Sie sehe nicht ein, sagt sie mit schneidender Stimme, weshalb man als zahlender Gast eines Hauses, das mit Achtsamkeitsversprechen gegenüber schöpferischer Menschen Werbung mache, an strikte Essenszeiten gebunden sei. Der Akademieleiter zeigt sich unbeeindruckt. Es sei kurz nach eins, sagt er, mit dem Finger gegen das Glas seiner Armbanduhr tippend, höchste Zeit, die Küche nehme nach halb keine Bestellungen mehr entgegen. Er könne auch nichts machen, der Schwager des Kochs sei bei der Gewerkschaft, und wenn zu essen gewünscht werde, dann wäre man gut beraten, sich Richtung Speisesaal zu begeben.

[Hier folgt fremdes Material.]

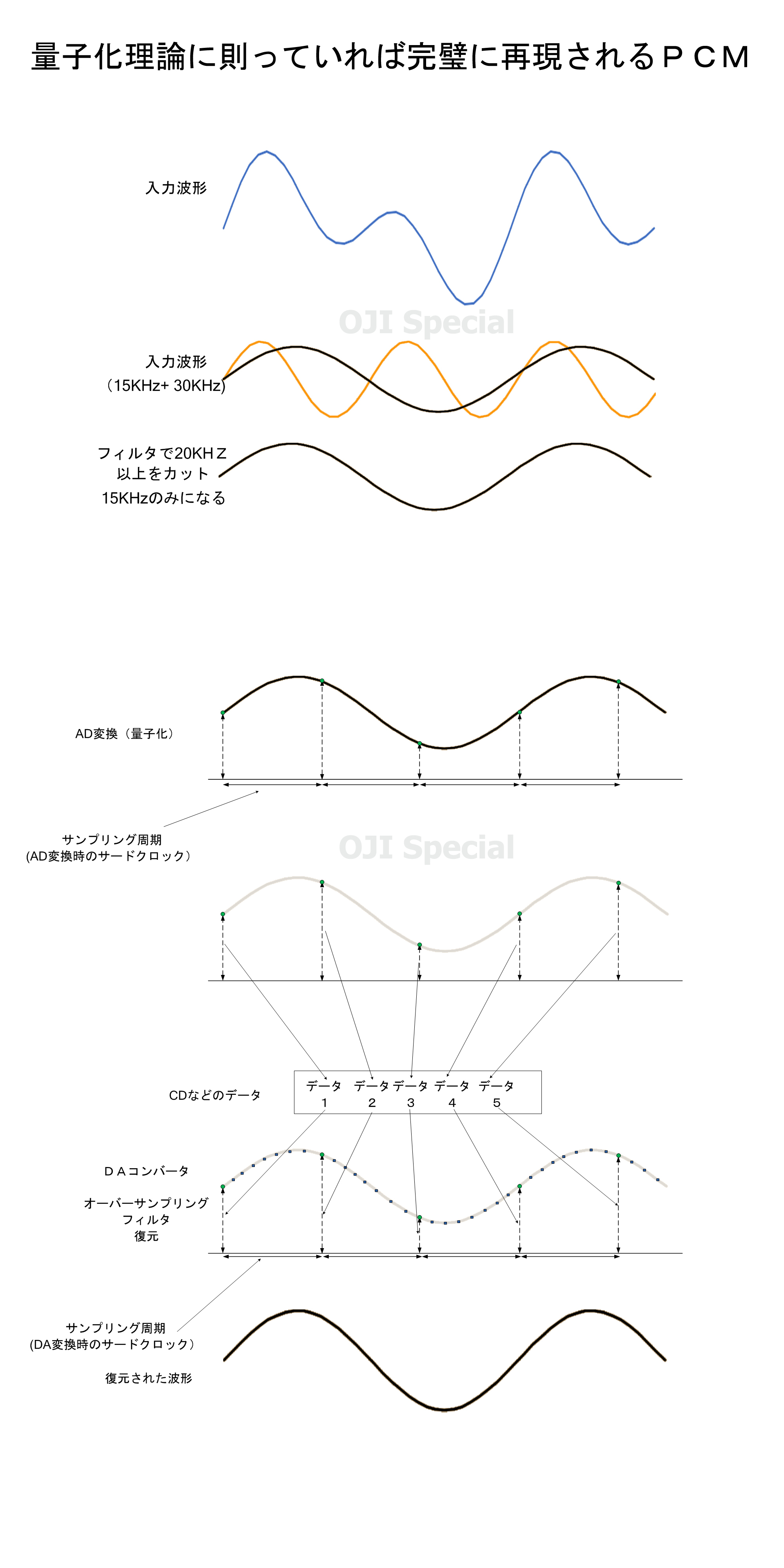 PCM(パルス符号変調)は アナログ信号をパルス列に変換する というようなことから ギザギザするイメージがありますが、実際には PCMの基本となるサンプリング定理(標本化定理)をきちんと守り使用して復元すれば ギザギザは生じず、元の原音波形が再現される方式になります。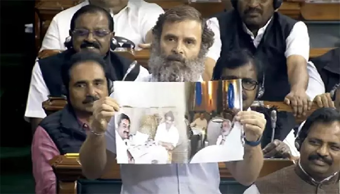 মঙ্গলবার লোকসভায় রাহুল বলেছিলেন, ২০১৪ সালের আগে গৌতম আদানি বিশ্বের ধনীদের তালিকায় ৬০৯ নম্বরে ছিলেন। কিন্তু মোদি প্রধানমন্ত্রী হওয়ার পরই কী যে জাদু হল, আদানি দুই নম্বরে পৌঁছে গেলেন। এসময় তিনি মোদী এবং আদানির একটি ছবিও তুলে ধরেন।

Die Oberstudienrätin ist noch nicht fertig. Den tropfenden Pinsel wie eine Waffe gegen Ördög gerichtet, erklärt sie, dass sie sich in dieser Hinsicht ein höheres Maß an Flexibilität erwarte. Andernfalls werde man eben woanders zu Mittag essen. Das glaube er nicht, meint der Leiter. Im vergangenen Jahr habe der Schwarze Bär zugesperrt und der Besitzer der Goldenen Sense … aber das sei kein Essensthema. Jedenfalls gebe es in der näheren Umgebung keine Wirtshäuser mehr, in denen noch warm ausgekocht werde. Selbst die Option auf eine Packung Kekse im Gemischtwarenladen des Dorfes falle flach, weil dieser heute Nachmittag geschlossen habe.

Im Übrigen seien Herrn Schwarzbach die Essenszeiten bekannt gegeben worden. Die Dozenten der beiden anderen Kurse seien mit ihren Teilnehmern auch zur gegebenen Zeit erschienen – alles eine Frage der Einteilung. Dies nur zur Information und der Vollständigkeit halber, und jetzt wäre man gut beraten, sich zu sputen, wenn man daran interessiert sei, vor dem Abendessen noch etwas zu sich zu nehmen.